Snow Table

If I don’t produce anything decent between the time it takes for my coffee to get cold, my day might as well be ruined. If I could afford a new phone every night, I’d shatter my phone on the wall every morning. It was 7:30 a.m., and I lay there on the couch, my blanket pulled up to my nose. I watched the snowflakes fall, landing one by one on my Toyota Prius. The car looked back at me, but there was nothing I could do. There’s no blanket ugly enough to cover the disgrace of that vehicle. I hate everything about it. That day, I wished the snow would swallow it whole.


I grabbed my mug from the floor and perched my lips against the rim, letting the coffee course through my veins. I looked over and saw the remnants of my computer desk lying on the floor. Last night, like an ogre with a fork and knife, I had rained down with both fists on the weak wooden table that supported my computer, and I watched it tumble like a stack of cards. Looking back, it might have been an overreaction, but losing that chess match to some 13-year-old boy from Finland made me sick to my stomach. I don’t regret smashing the desk. If I had another one lying around that night, I’d smash it down as well and use the wood to start a fire big enough to engulf the entire house.


“What the fuck am I doing with my life?” I thought to myself, scratching the sleep crumbs out of my eyes. I reached and slipped my laptop from under the couch, firing up the old bastard, and began browsing Facebook Marketplace for a new desk that could withstand my fists of fury. I scrolled for an hour, opened 38 tabs, and somehow ended up on a YouTube video teaching folks how to dominate any room with charm and confidence. I bookmarked it.


Looking through the rolodex of tabs, I found a table I wouldn’t mind looking at every day. The legs looked sturdy, like a track horse in its prime. The wood was maple, and I could smell the Danish oil through the screen. I drafted up a message: “Hi, I’m interested in buying your desk. Would I be able to pass by today, and would it fit in my miserable Prius?” I moved some words around and hit send.


I walked into the kitchen to pour myself another cup of coffee and heard, “BING!” “Yes! I have many messages, but it is still available. Here’s my address: 7431 Av De L’Epee. I will disassemble it for it to fit in your car.” I looked out my window and saw the beauty of a car dressed in a white dress, waiting to be stripped naked and taken for a ride. I dressed myself accordingly, using my winter gloves and arms like a human windshield wiper to remove the snow from my car. With my big boy boots, I kicked and dragged the chunks of white and yellow snow, releasing my tires from the chains of Mother Nature.


I got in, pushed the start button, and watched my car welcome me with the digital letters appearing on the dash. I punched in the coordinates and made my way to the destination. The snow was fresh, making my wheels squeak at every turn, making my Prius sound like it was turning into a large rubber duck.

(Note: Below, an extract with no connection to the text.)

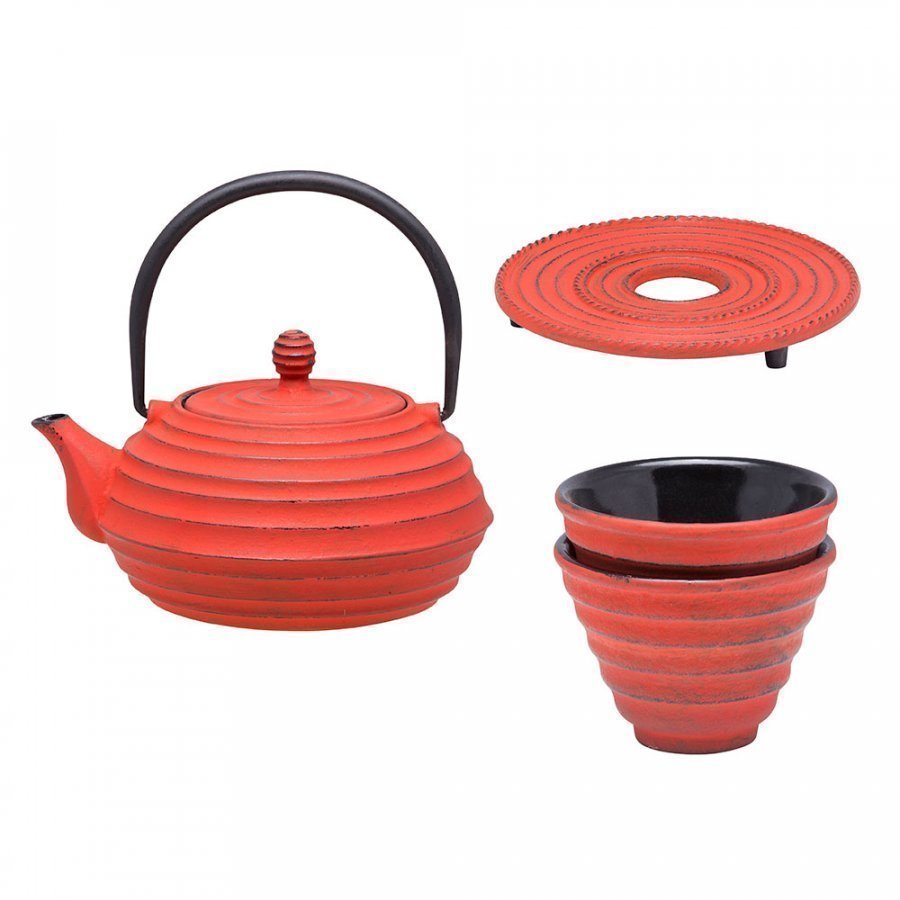 Punainen teesetti. Sisältää: Teekannu 0,8 l, valurautainen alunen ja 2 valurautaista mukia.

I parked far enough so the gentleman couldn’t see what I drove in and decide I wasn’t worthy enough of his homemade table. I walked, the wind and snow slapping me in the face like a duo wrestling team, making me catch my breath on every tenth step. The door didn’t have a bell. Instead, a metal ring hung from the middle of the door, waiting for me to slam it down on the wood. From the sound of his footsteps, I knew this was no small man, a real ogre.


The door creaked open, and he stood there, arm extended, waiting for me to shake his meaty hand. He smelled like gasoline and had enough dirt under his nails to start a community garden. The air in his apartment stood as still as his smile, and a bead of sweat fell from his wrinkled forehead and seeped into the skin of my forearm.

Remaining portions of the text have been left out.